**WHAT TO DO**
Retype the data below exactly; skip every image.

Saved data entries:
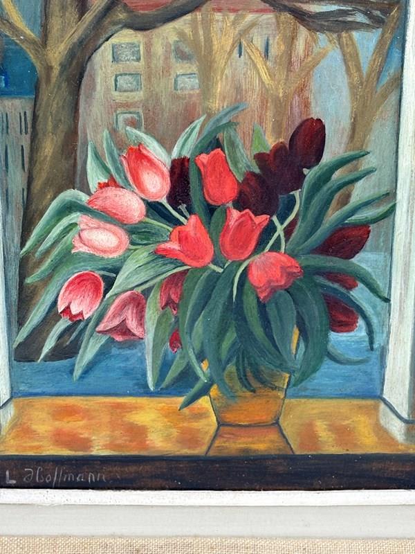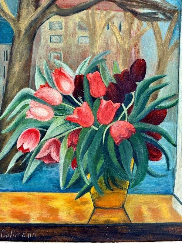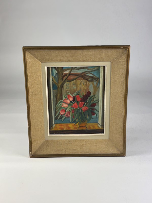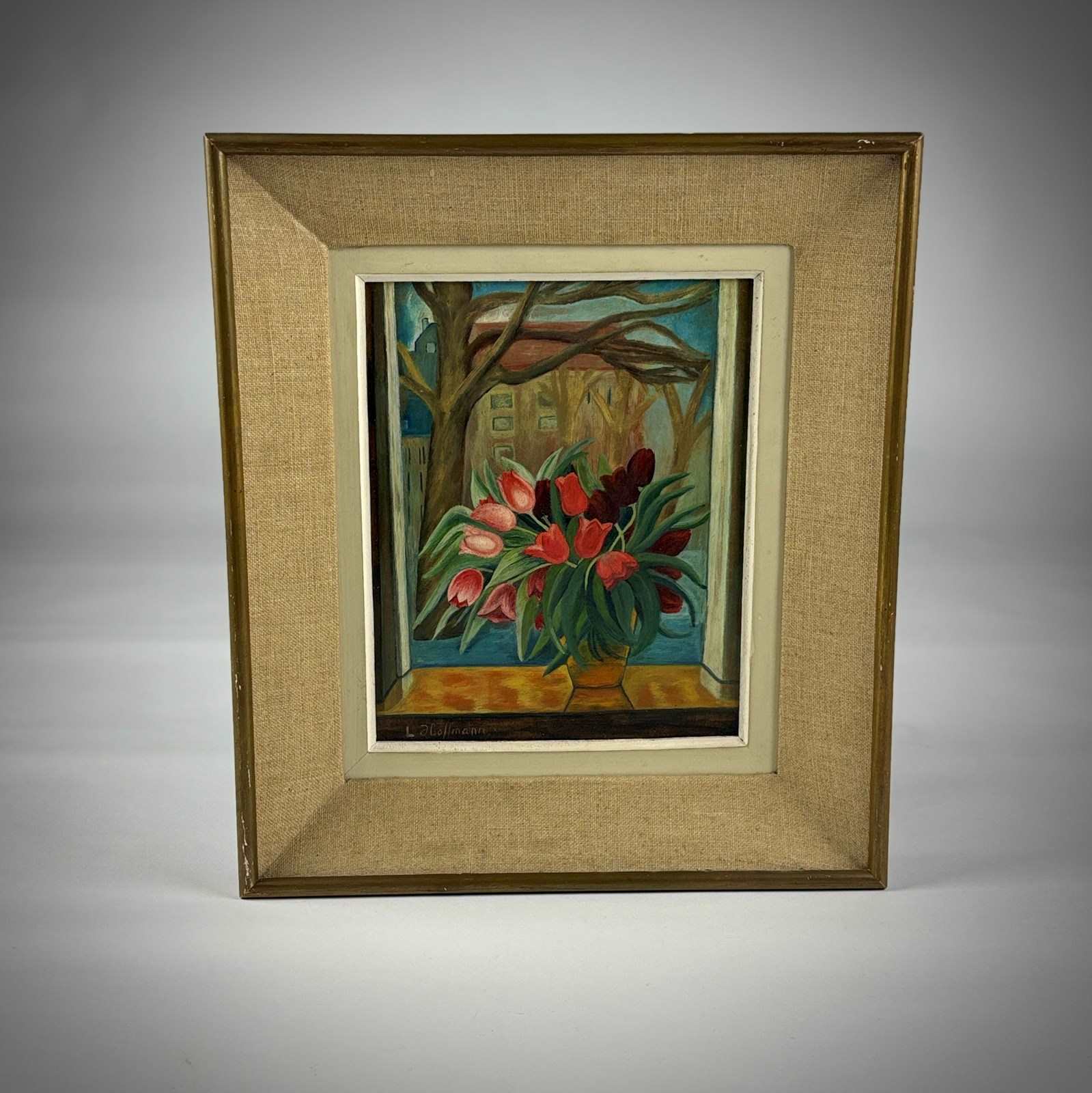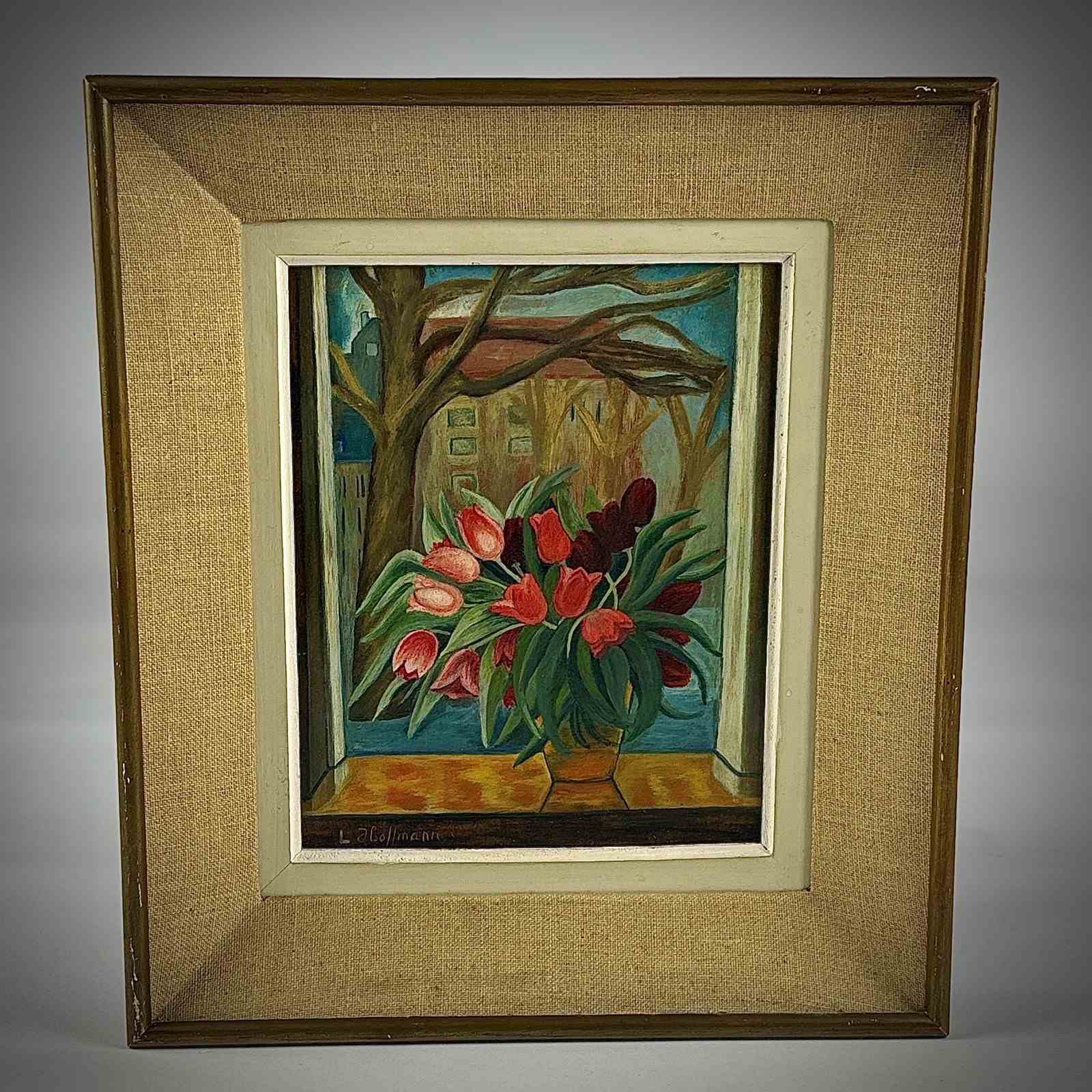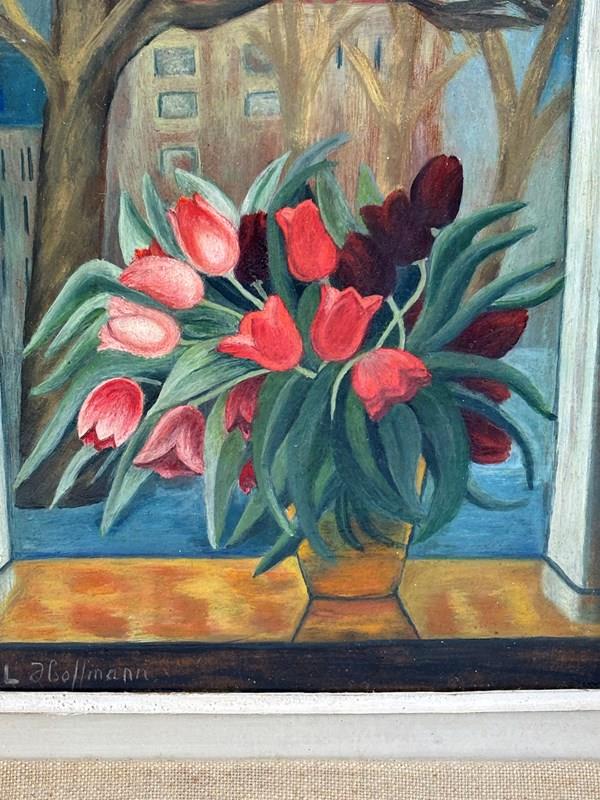 Tulips by the Window Oil on Board 20th Century (Circa 1960) Lush bouquet of red and pink tulips in a faceted golden vase placed prominently on a windowsill, the vivid tulips burst with colour against the muted late winter trees and city buildings backdrop. Signed L Hoffmann.
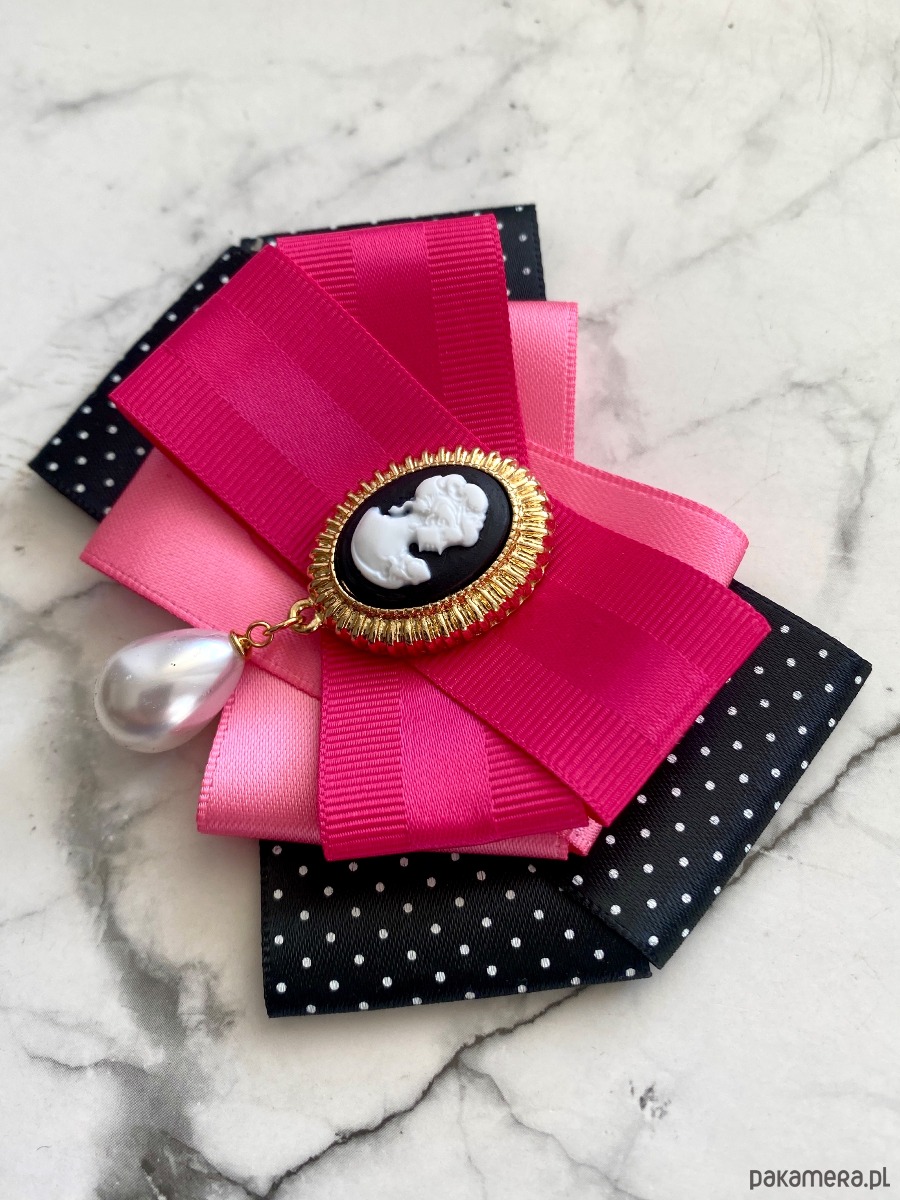 Brosza Kamea Styl Glamour Dama Kameliowa z perłą
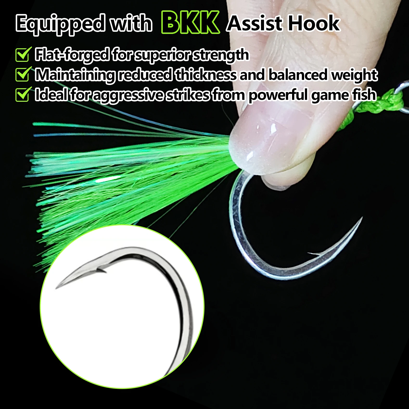 Double High-Strength BKK Hooks: Made from premium BKK brand flat-forged double hooks, ultra-sharp, corrosion-resistant, and built to withstand hard fights with powerful fish.
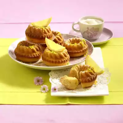 Bake in the preheated oven (electric cooker: 200 °C/ convection oven: 175 °C/ gas: level 3) for 20-25 minutes. Let the cakes rest in the moulds for 10 minutes. Then turn out of the ramekins and let them cool down on a cake rack. Dust with 6 g diabetic sweetener. Decorate with lemon wedges, grated lemon peel and lime peel if desired
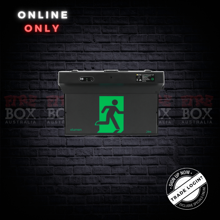 The Black Maslin is an LED surface -mount blade exit light with built in side LEDs (2 x D16) for emergency lighting coverage. This is our Self Testing (ST) model. This device is suitable for theatres.
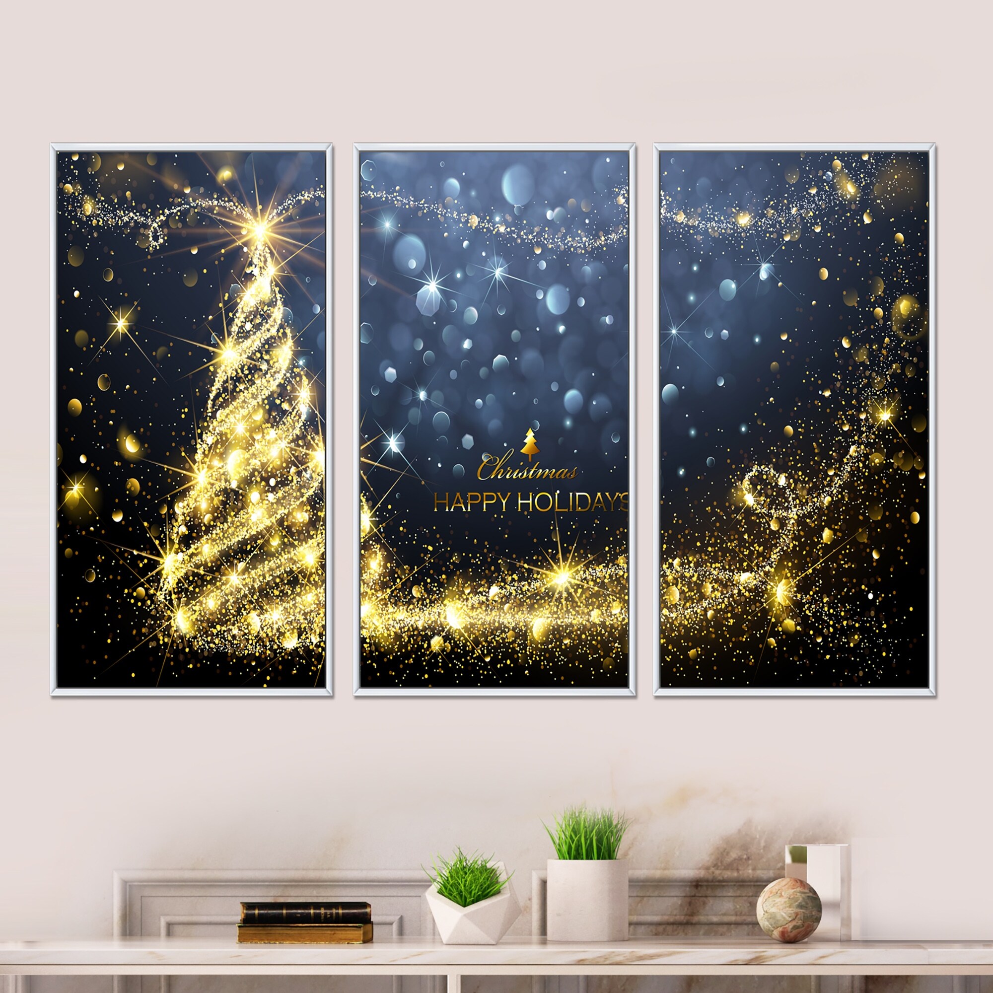 Designart "Sparkling Shining Light Christmas Tree" Contemporary Framed Canvas Wall Art Set of 3 - 4 Colors of Frames
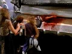 この機械には、先の工場のとは違い、ちゃんとブレーキがついている。しかし、そのブレーキが作動せず、おばちゃんが一人、巻き込まれてしまった.....。
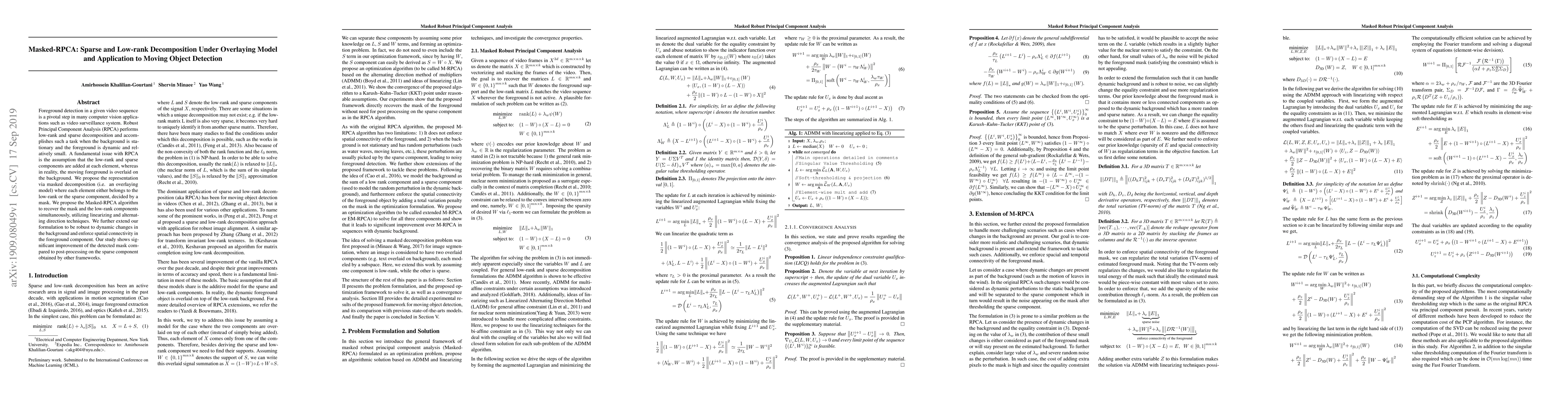 The Masked-RPCA algorithm decomposes video sequences into low-rank and sparse components using an overlaying model, improving foreground detection by recovering the mask and low-rank components simultaneously. This approach outperforms traditional RPCA methods in detecting dynamic foreground objects against changing backgrounds.
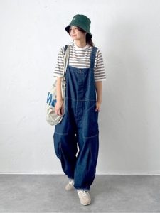 カジュアルなデニムサロペットにボーダートップスを合わせたスタイルに、バケットハットをプラスしてこなれ感を演出。
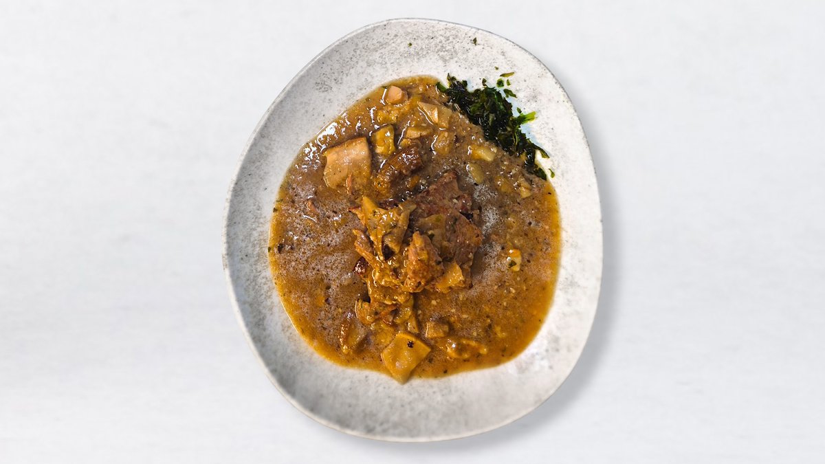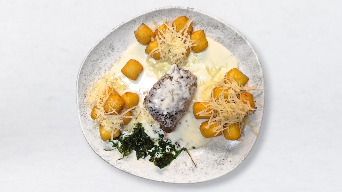 Biftek v poprovi skorjici, smetanova omaka, ocvrti njoki
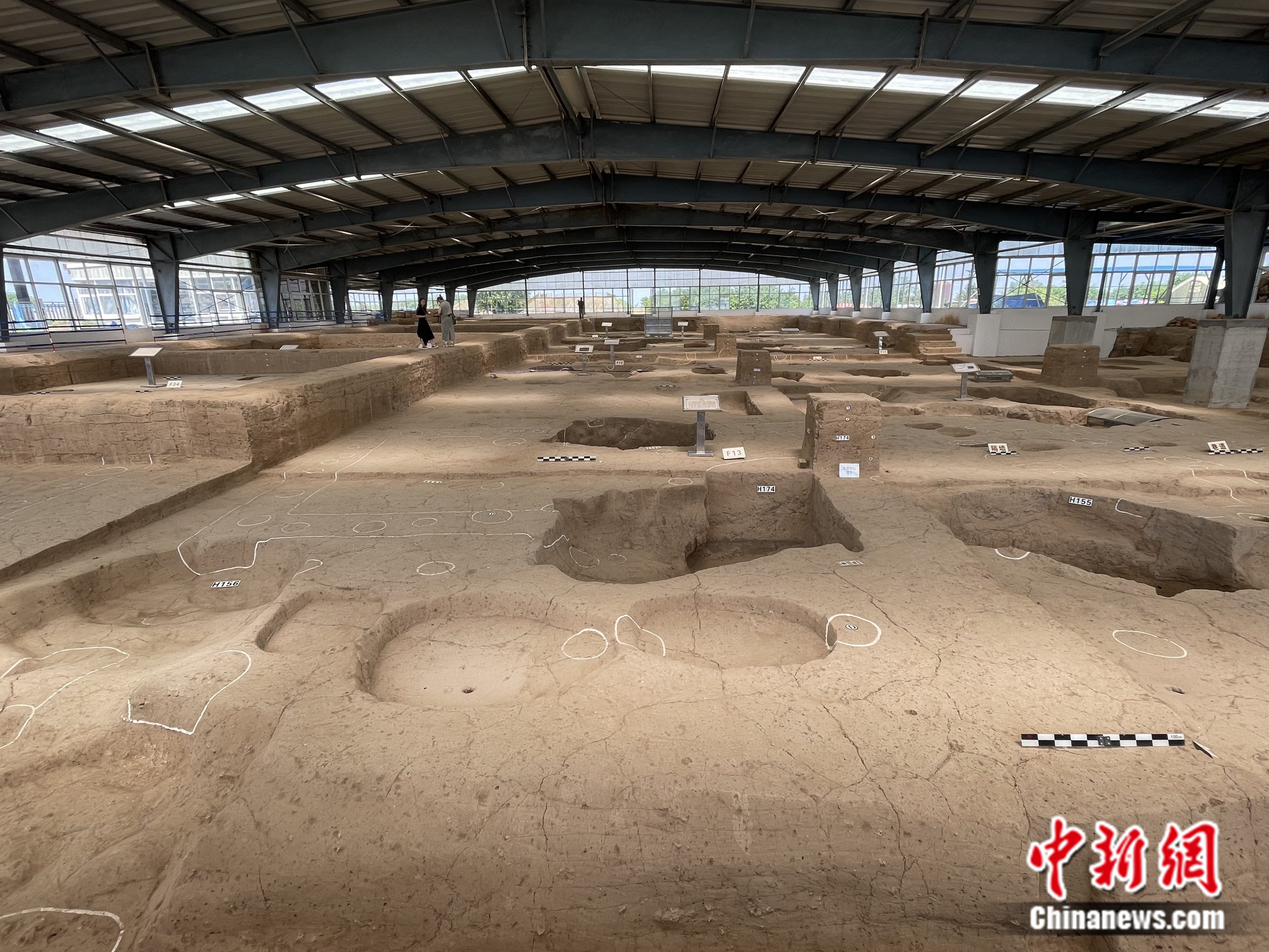 雙槐樹遺址北依黃河,西瀕伊洛河,南望嵩山,恰好位于伊洛河與黃河交匯處的高臺地上。受黃河改道影響,雙槐樹遺址北部被侵蝕,現(xiàn)存面積約117萬平方米,發(fā)現(xiàn)有仰韶文化中晚階段三重大型環(huán)壕、圍墻封閉式大型中心居址區(qū)、院落式夯土基址、四處經過嚴格規(guī)劃的大型公共墓地、三處夯土祭壇等重要遺跡,并出土了豐富的仰韶文化遺物。

**EXERCISE SOLUTION**
 Tulips by the Window Oil on Board 20th Century (Circa 1960) Lush bouquet of red and pink tulips in a faceted golden vase placed prominently on a windowsill, the vivid tulips burst with colour against the muted late winter trees and city buildings backdrop. Signed L Hoffmann.
 Brosza Kamea Styl Glamour Dama Kameliowa z perłą
 Double High-Strength BKK Hooks: Made from premium BKK brand flat-forged double hooks, ultra-sharp, corrosion-resistant, and built to withstand hard fights with powerful fish.
 Bake in the preheated oven (electric cooker: 200 °C/ convection oven: 175 °C/ gas: level 3) for 20-25 minutes. Let the cakes rest in the moulds for 10 minutes. Then turn out of the ramekins and let them cool down on a cake rack. Dust with 6 g diabetic sweetener. Decorate with lemon wedges, grated lemon peel and lime peel if desired
 The Black Maslin is an LED surface -mount blade exit light with built in side LEDs (2 x D16) for emergency lighting coverage. This is our Self Testing (ST) model. This device is suitable for theatres.
 Designart "Sparkling Shining Light Christmas Tree" Contemporary Framed Canvas Wall Art Set of 3 - 4 Colors of Frames
 この機械には、先の工場のとは違い、ちゃんとブレーキがついている。しかし、そのブレーキが作動せず、おばちゃんが一人、巻き込まれてしまった.....。
 The Masked-RPCA algorithm decomposes video sequences into low-rank and sparse components using an overlaying model, improving foreground detection by recovering the mask and low-rank components simultaneously. This approach outperforms traditional RPCA methods in detecting dynamic foreground objects against changing backgrounds.
 カジュアルなデニムサロペットにボーダートップスを合わせたスタイルに、バケットハットをプラスしてこなれ感を演出。
 Biftek v poprovi skorjici, smetanova omaka, ocvrti njoki
 雙槐樹遺址北依黃河,西瀕伊洛河,南望嵩山,恰好位于伊洛河與黃河交匯處的高臺地上。受黃河改道影響,雙槐樹遺址北部被侵蝕,現(xiàn)存面積約117萬平方米,發(fā)現(xiàn)有仰韶文化中晚階段三重大型環(huán)壕、圍墻封閉式大型中心居址區(qū)、院落式夯土基址、四處經過嚴格規(guī)劃的大型公共墓地、三處夯土祭壇等重要遺跡,并出土了豐富的仰韶文化遺物。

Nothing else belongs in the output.